Współpraca nauki z biznesem
Gospodarka nie może rozwijać się w oderwaniu od nauki, a programy nauczania powinny być dopasowane do realnych wymogów rynku. Państwo ma zainwestować 10 mld złotych w infrastrukturę polskich uczelni, z czego aż 7 mld będzie pochodziło z funduszy strukturalnych. W 2014 roku Polacy będą mieli również możliwość wsparcia nauki i przekazania jednego procenta podatku CIT na cele dowolnej jednostki naukowej, charakteryzującej się wysokim potencjałem.
Natomiast pomysły uczonych wesprze mającą dopiero powstać spółka Innowacje Polskie S.A. Docelowo ma ona wziąć na siebie część ryzyka, które podejmują inwestorzy komercjalizujący nowe technologie.
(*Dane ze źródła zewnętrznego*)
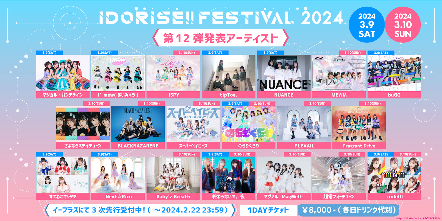 第12弾アーティストとして、マジカル・パンチライン / I'mew (あいみゅう) / iSPY / tipToe. / NUANCE / MEWM / buGG / さよならステイチューン / BLACKNAZARENE / スーパーベイビーズ / のらりくらり / PLEVAIL / Fragrant Drive / すてねこキャッツ / Next☆Rico / Baby'z Breath / 終わらないで、夜 / マグメル-MagMell- / 超常フォーチューン / iiiidolllといった計20組の出演が発表された。今回の発表で総勢160組となったが、出演者は随時追加予定となっている。

Kolejną propozycją resortu jest zamrożenie podatku od praw autorskich naukowcom, którzy jeszcze nie osiągnęli dochodów z zaprojektowanych przez nich technologii.
Większa mobilność
Rozwojowi nauki i wymianie poglądów sprzyjają pobyty w zagranicznych jednostkach badawczych. Stąd też Ministerstwo Nauki i Szkolnictwa Wyższego stawia na większą mobilność polskich naukowców oraz nawiązywanie kontaktów z uczelniami zagranicznymi, co wiąże się także z większą ilością cudzoziemców nauczających na polskich uczelniach oraz korzystających z polskiej bazy dydaktycznej. Koordynację pobytów zagranicznych naukowców i studentów miałaby wspierać Narodowa Agencja Wymiany Akademickiej, działająca podobnie jak British Council czy DAAD. Nowa instytucja miałaby również pomagać w zdobywaniu zagranicznych grantów i promować naukę polską. Nie bez znaczenia byłby także rozwój ośrodków kształcących w zakresie języka polskiego oraz przeprowadzających egzaminy. Im większa bowiem popularność języka polskiego na świecie, tym większe prawdopodobieństwo, że studenci wybiorą polską uczelnie na swoją Alma Mater.
Polskie uczelnie inicjują kształcenie przez całe życie
Kryzys ekonomiczny spowodował, że spora grupa obywateli europejskich została zmuszona do podniesienia swoich kwalifikacji. Stąd Unia Europejska próbuje obecnie wypracować jednolite stanowisko wobec uznawalności kształcenia nieformalnego. Również wielu Polaków zdaje sobie obecnie sprawę, że musi zdobywać nowe kwalifikacje, aby móc utrzymać się na rynku pracy. Plany Ministerstwa Nauki i Szkolnictwa Wyższego odpowiadają założeniom wydanego w 2000 roku przez Komisję Europejską Memorandum dotyczącego uczenia się przez całe życie. W kolejnych latach resort deklaruje wsparcie edukacji na różnych etapach kształcenia. Na przykład pracujący podczas studiów, mogliby ukończyć kształcenie na polskich uczelniach w skróconym trybie. Zmiany miałyby ułatwić zdobycie nowego zawodu lub specjalizacji.